[Opening Data section]

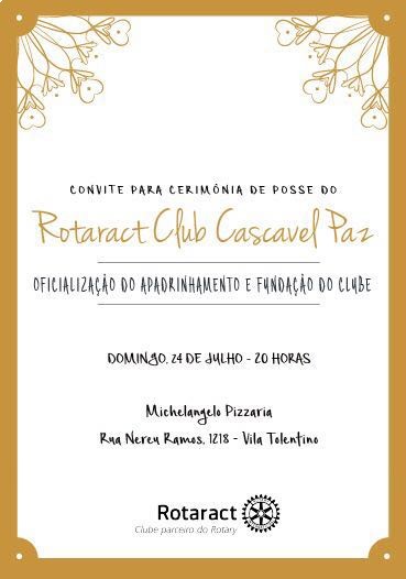O Rotaract Club Cascavel Paz convida todos a participarem da solenidade de Posse da Gestão 2016/2017 e oficialização do apadrinhamento do Rotary Club Cascavel Paz.
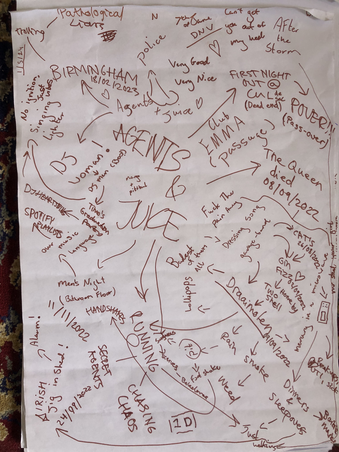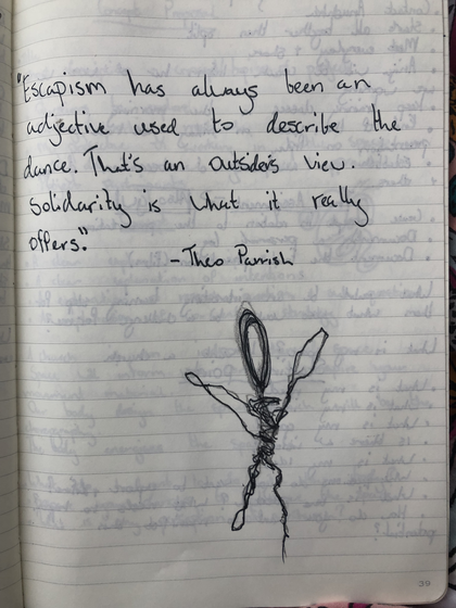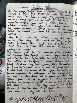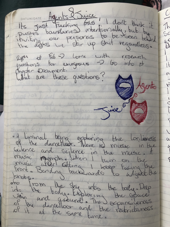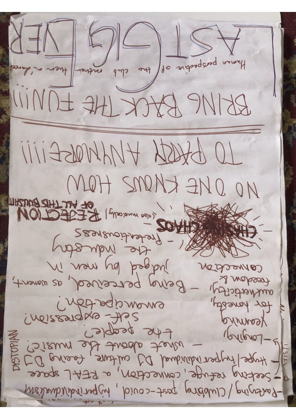 To wrap this section up, I would say that this research is strongly rooted in the perception of time. Maybe not in a sense of a fast-moving performance or a slow-moving performance but, to jumping back and forth and round to moments when I felt free on the dancefloor or to a period that I might not have experienced but am inspired by (like in Emma’s book). Again, I want people to see my perspective. Maybe it won’t look like a club to them? Maybe that’s what I want?
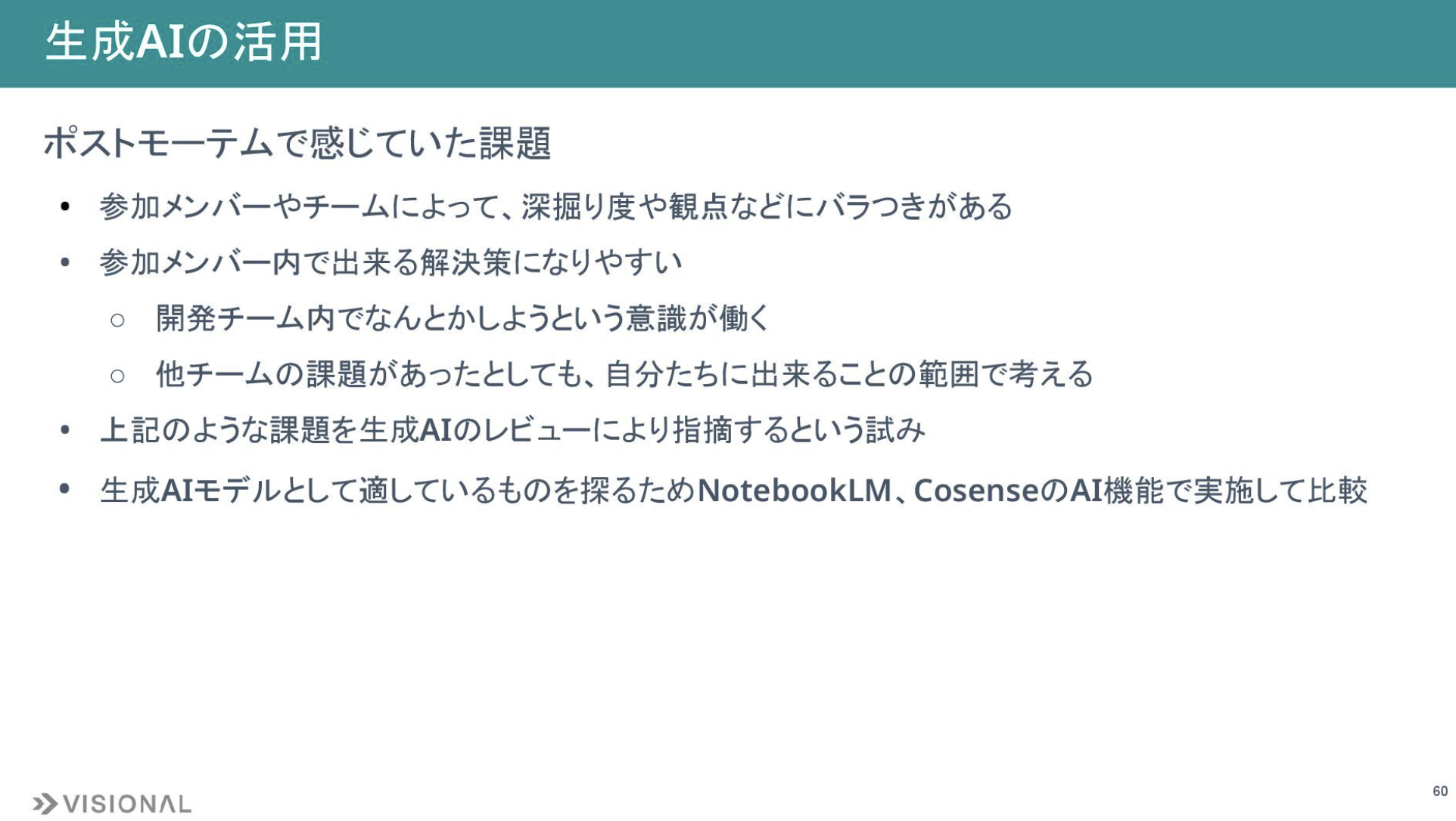 もともとポストモーテムでは、参加メンバーやチームによって深掘り度合いや観点にばらつきがあるという課題があり、議論が参加メンバーの視点に限定されやすいという側面もありました。
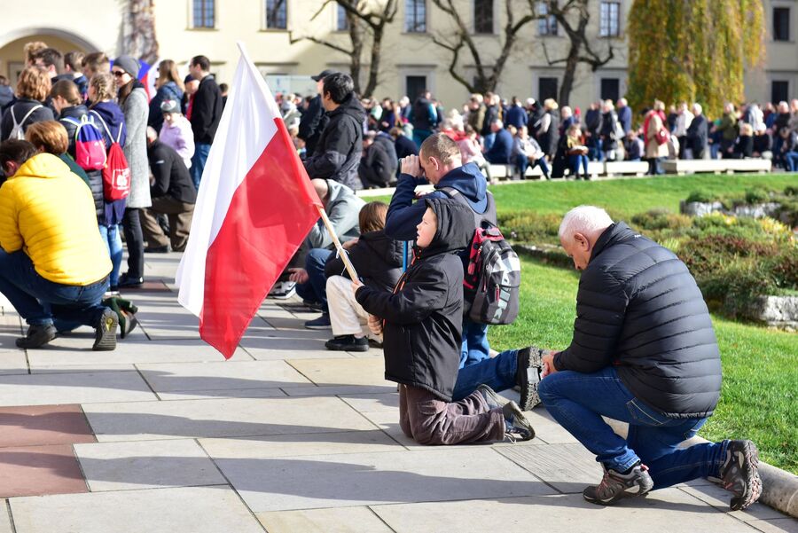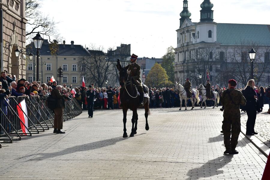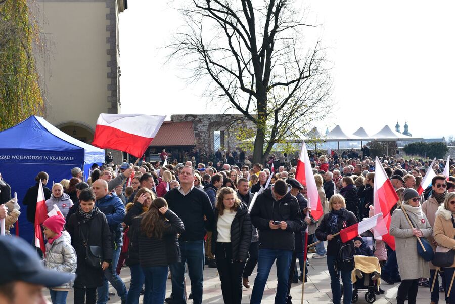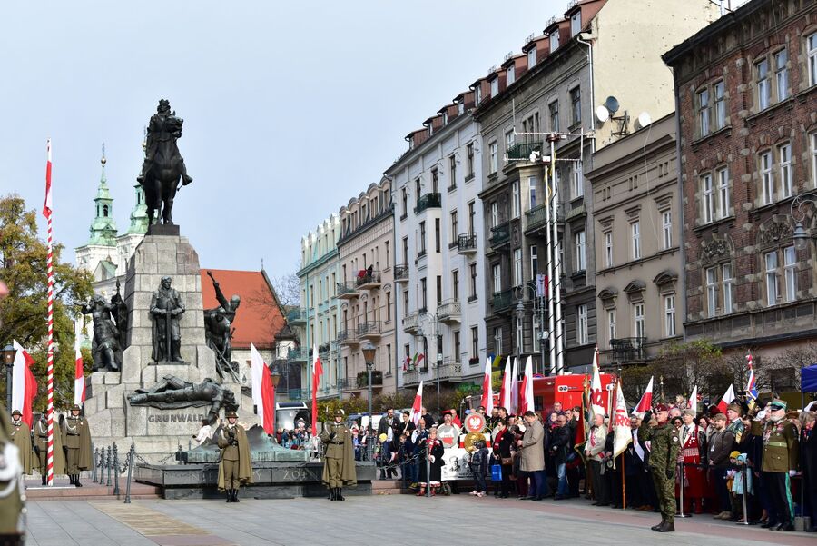 Po mszy świętej w intencji ojczyzny, odprawionej w katedrze wawelskiej przez metropolitę krakowskiego abp. Marka Jędraszewskiego, rozdano setki biało-czerwonych flag i zebrani przeszli pod Krzyż Katyński na pl. o. Studzińskiego, gdzie delegacje złożyły kwiaty. Potem uroczystości przeniosły się przed Grób Nieznanego Żołnierza na pl. Matejki. Odczytano Apel Pamięci zwieńczony salwą honorową. Wojewoda malopolski wręczył odznaczenia państwowe i akty nadania obywatelstwa polskiego.
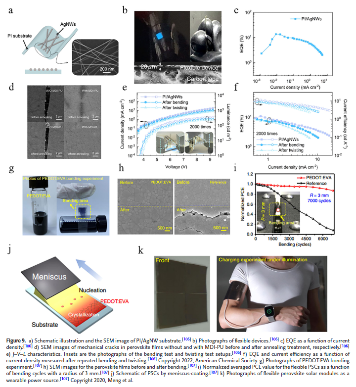 本综述美国圣母大学Qing Cao、河南大学李萌和东南大学李桂香等人系统阐述了钙钛矿的降解路径(可逆与不可逆过程)及缺陷自愈合的基本机制,重点分析了三类主要策略:i)组分工程调控缺陷动态;ii)引入强韧聚合物/杂化网络以抑制机械与环境降解;iii)构建具有动态键合能力的自愈合体系。文中结合典型研究案例,分析了自愈合机制的激活条件、修复机理以及在弯曲疲劳、热循环和长期光照下的稳定性提升效果。
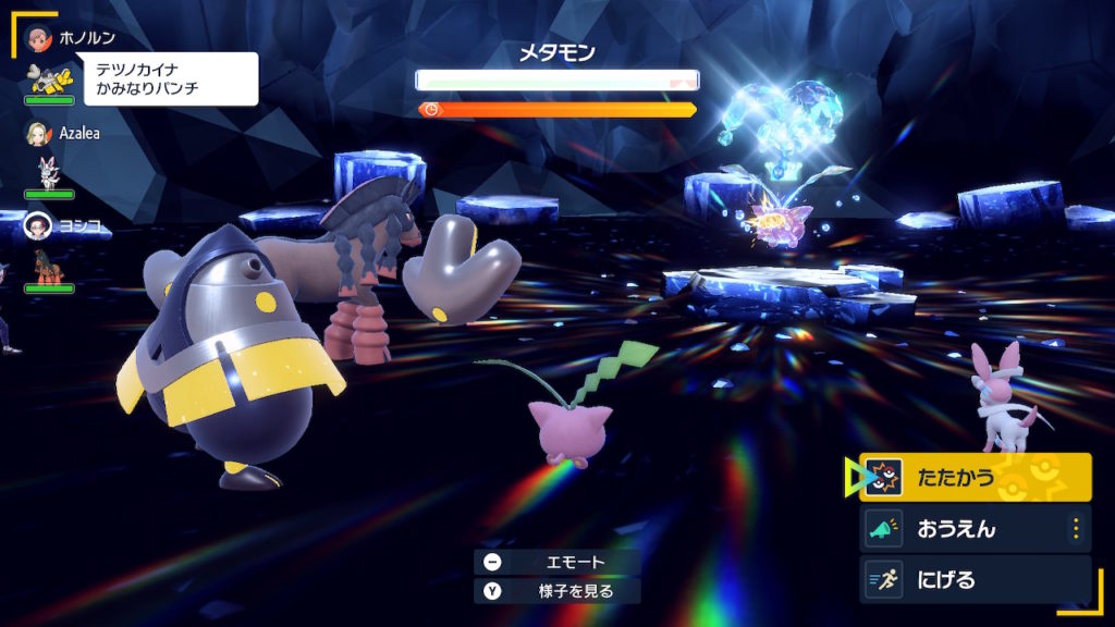 とくせいの「かわりもの」と使えるわざの「へんしん」によって、パーティーの先頭(今回のレイドバトルの場合はプレイヤーが繰り出したポケモン)になります。
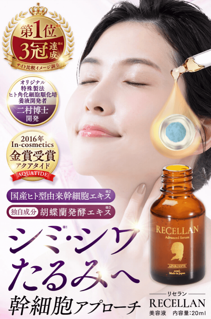 RECELLAN(リセラン)はヒト幹細胞エキスを配合した、幹細胞コスメです。日本人のヒト幹細胞培養液を採用。特許取得原料である、アサイヤシ発酵液を培養エキスとして使用しています。アサイヤシ発酵エキスには、メラニン色素の生成を抑制する働きもある。
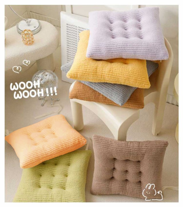 シートクッション 座布団 2枚セット 角型 チェアパッド チェアパッド マット クッション ひも付き 起毛 もこもこ ふわふわ やわらかい おしゃれ お尻 痛くない 椅子用 送料無料 秋 冬
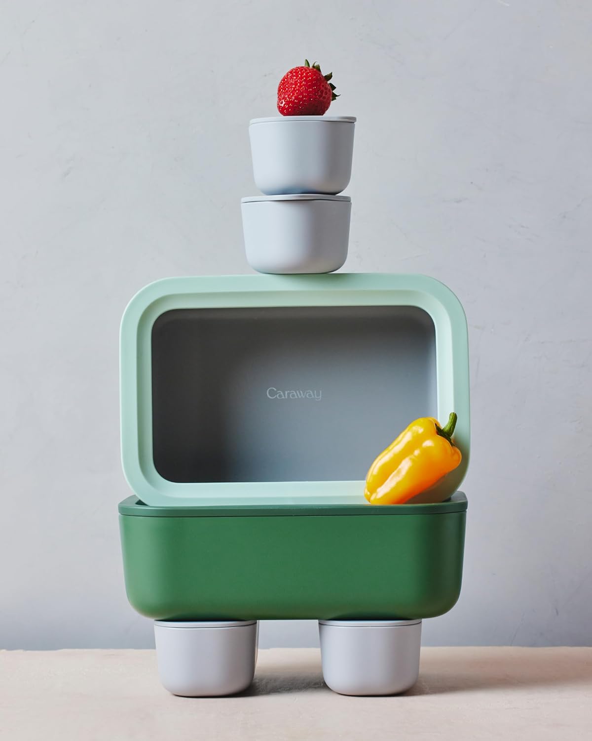 CREATE YOUR OWN BENTO BOX: Add Caraway’s Dot & Dash Containers to build an on-the-go bento box. They fit neatly in one of our 6.6 cup glass food containers for a lunch that stays fresh and seals tight
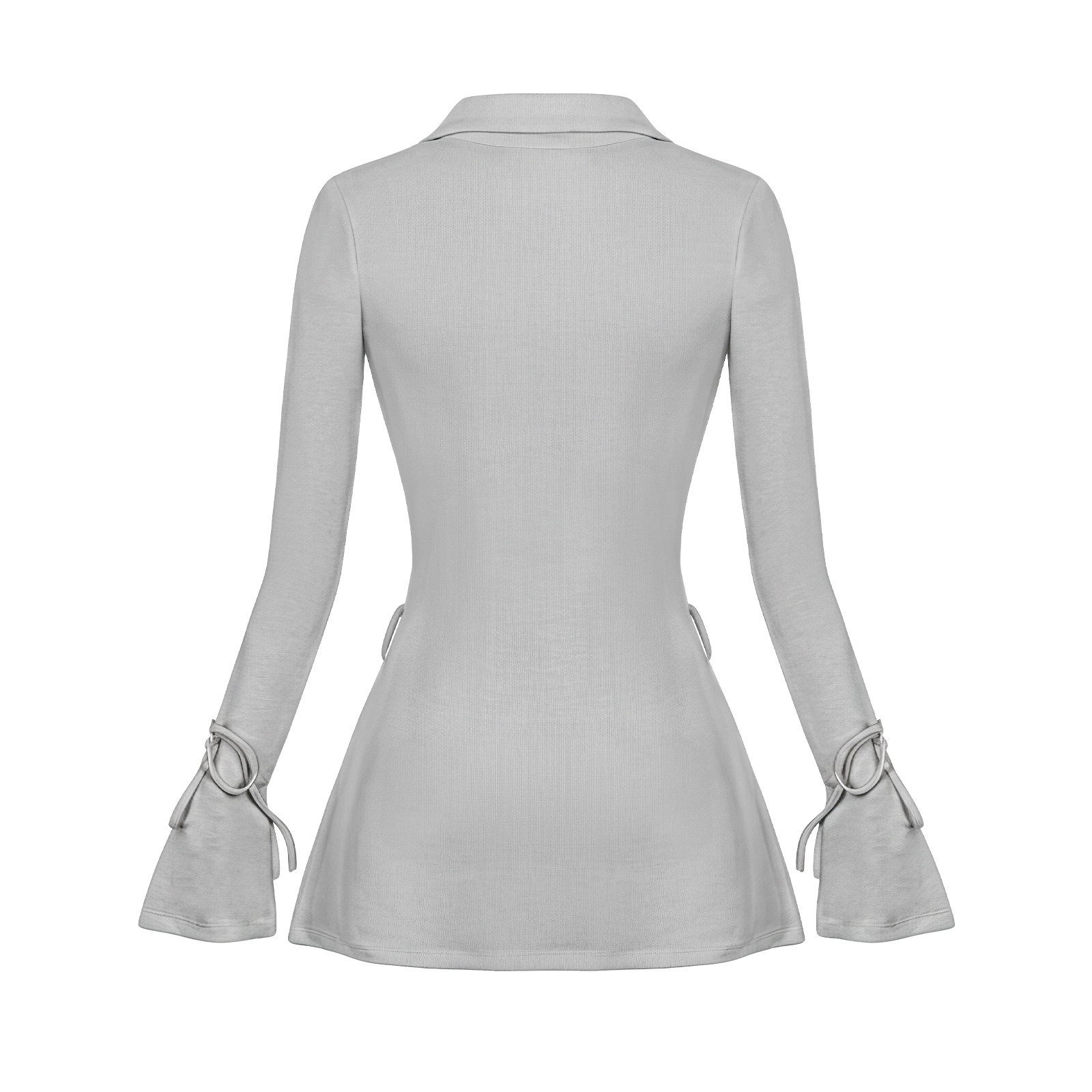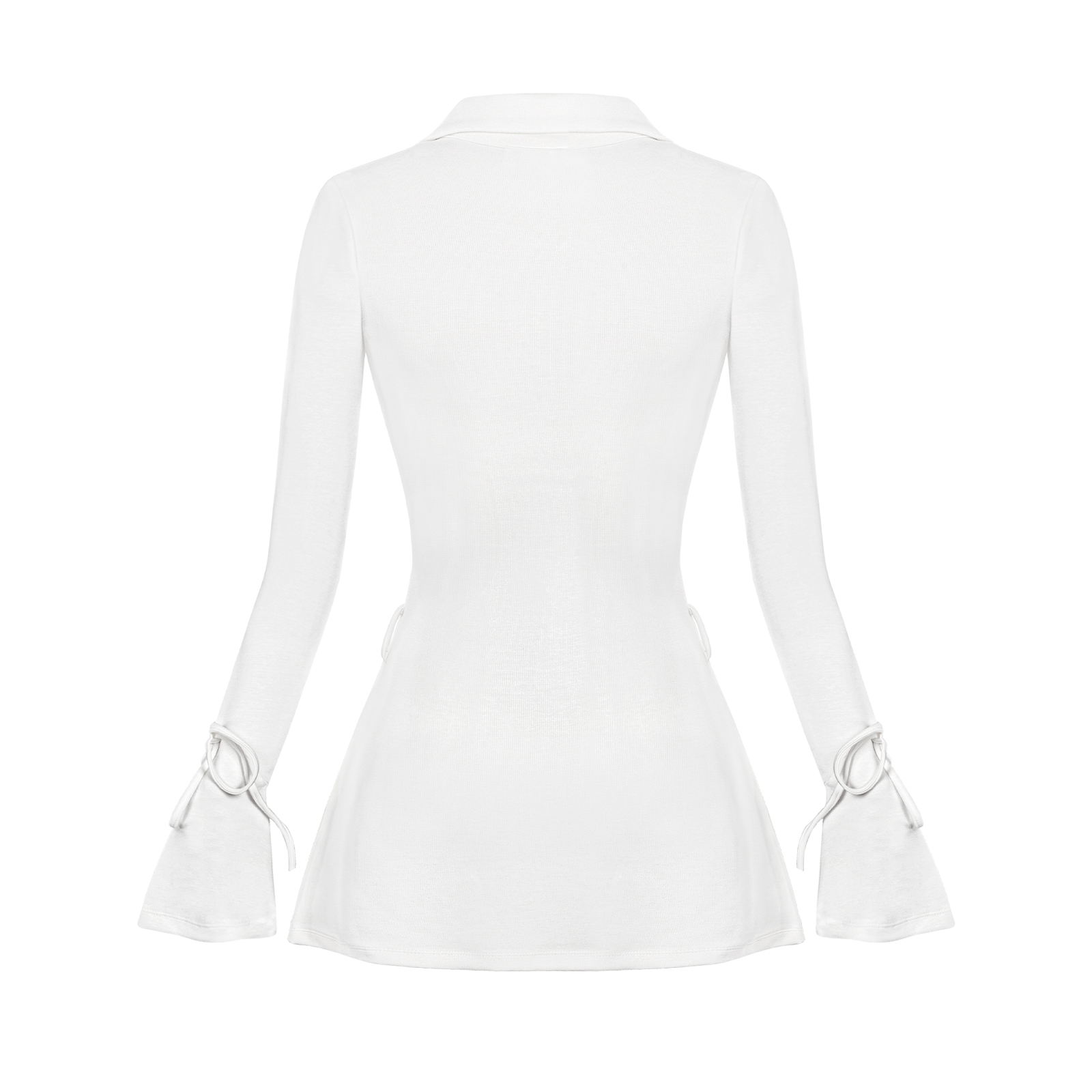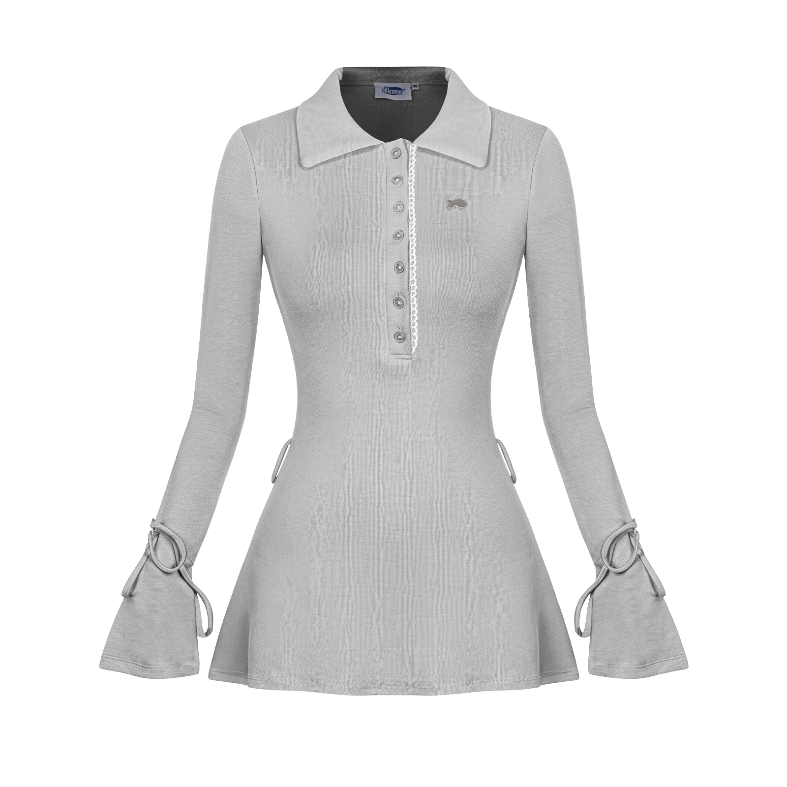Jina Dress gây ấn tượng với kiểu dáng cổ polo cổ điển, kết hợp chi tiết cài nút duyên dáng được tô điểm bằng viền ren mỏng. Sự khác biệt nằm ở phần tay áo loe mềm mại, thắt dây nơ điệu nghệ, mang đến nét nữ tính, e ấp đầy cuốn hút.

[Closing Data section]

Repeat all of the data above word for word, minus the pictures.

O Rotaract Club Cascavel Paz convida todos a participarem da solenidade de Posse da Gestão 2016/2017 e oficialização do apadrinhamento do Rotary Club Cascavel Paz.
 To wrap this section up, I would say that this research is strongly rooted in the perception of time. Maybe not in a sense of a fast-moving performance or a slow-moving performance but, to jumping back and forth and round to moments when I felt free on the dancefloor or to a period that I might not have experienced but am inspired by (like in Emma’s book). Again, I want people to see my perspective. Maybe it won’t look like a club to them? Maybe that’s what I want?
 もともとポストモーテムでは、参加メンバーやチームによって深掘り度合いや観点にばらつきがあるという課題があり、議論が参加メンバーの視点に限定されやすいという側面もありました。
 Po mszy świętej w intencji ojczyzny, odprawionej w katedrze wawelskiej przez metropolitę krakowskiego abp. Marka Jędraszewskiego, rozdano setki biało-czerwonych flag i zebrani przeszli pod Krzyż Katyński na pl. o. Studzińskiego, gdzie delegacje złożyły kwiaty. Potem uroczystości przeniosły się przed Grób Nieznanego Żołnierza na pl. Matejki. Odczytano Apel Pamięci zwieńczony salwą honorową. Wojewoda malopolski wręczył odznaczenia państwowe i akty nadania obywatelstwa polskiego.
 本综述美国圣母大学Qing Cao、河南大学李萌和东南大学李桂香等人系统阐述了钙钛矿的降解路径(可逆与不可逆过程)及缺陷自愈合的基本机制,重点分析了三类主要策略:i)组分工程调控缺陷动态;ii)引入强韧聚合物/杂化网络以抑制机械与环境降解;iii)构建具有动态键合能力的自愈合体系。文中结合典型研究案例,分析了自愈合机制的激活条件、修复机理以及在弯曲疲劳、热循环和长期光照下的稳定性提升效果。
 とくせいの「かわりもの」と使えるわざの「へんしん」によって、パーティーの先頭(今回のレイドバトルの場合はプレイヤーが繰り出したポケモン)になります。
 RECELLAN(リセラン)はヒト幹細胞エキスを配合した、幹細胞コスメです。日本人のヒト幹細胞培養液を採用。特許取得原料である、アサイヤシ発酵液を培養エキスとして使用しています。アサイヤシ発酵エキスには、メラニン色素の生成を抑制する働きもある。
 シートクッション 座布団 2枚セット 角型 チェアパッド チェアパッド マット クッション ひも付き 起毛 もこもこ ふわふわ やわらかい おしゃれ お尻 痛くない 椅子用 送料無料 秋 冬
 CREATE YOUR OWN BENTO BOX: Add Caraway’s Dot & Dash Containers to build an on-the-go bento box. They fit neatly in one of our 6.6 cup glass food containers for a lunch that stays fresh and seals tight
Jina Dress gây ấn tượng với kiểu dáng cổ polo cổ điển, kết hợp chi tiết cài nút duyên dáng được tô điểm bằng viền ren mỏng. Sự khác biệt nằm ở phần tay áo loe mềm mại, thắt dây nơ điệu nghệ, mang đến nét nữ tính, e ấp đầy cuốn hút.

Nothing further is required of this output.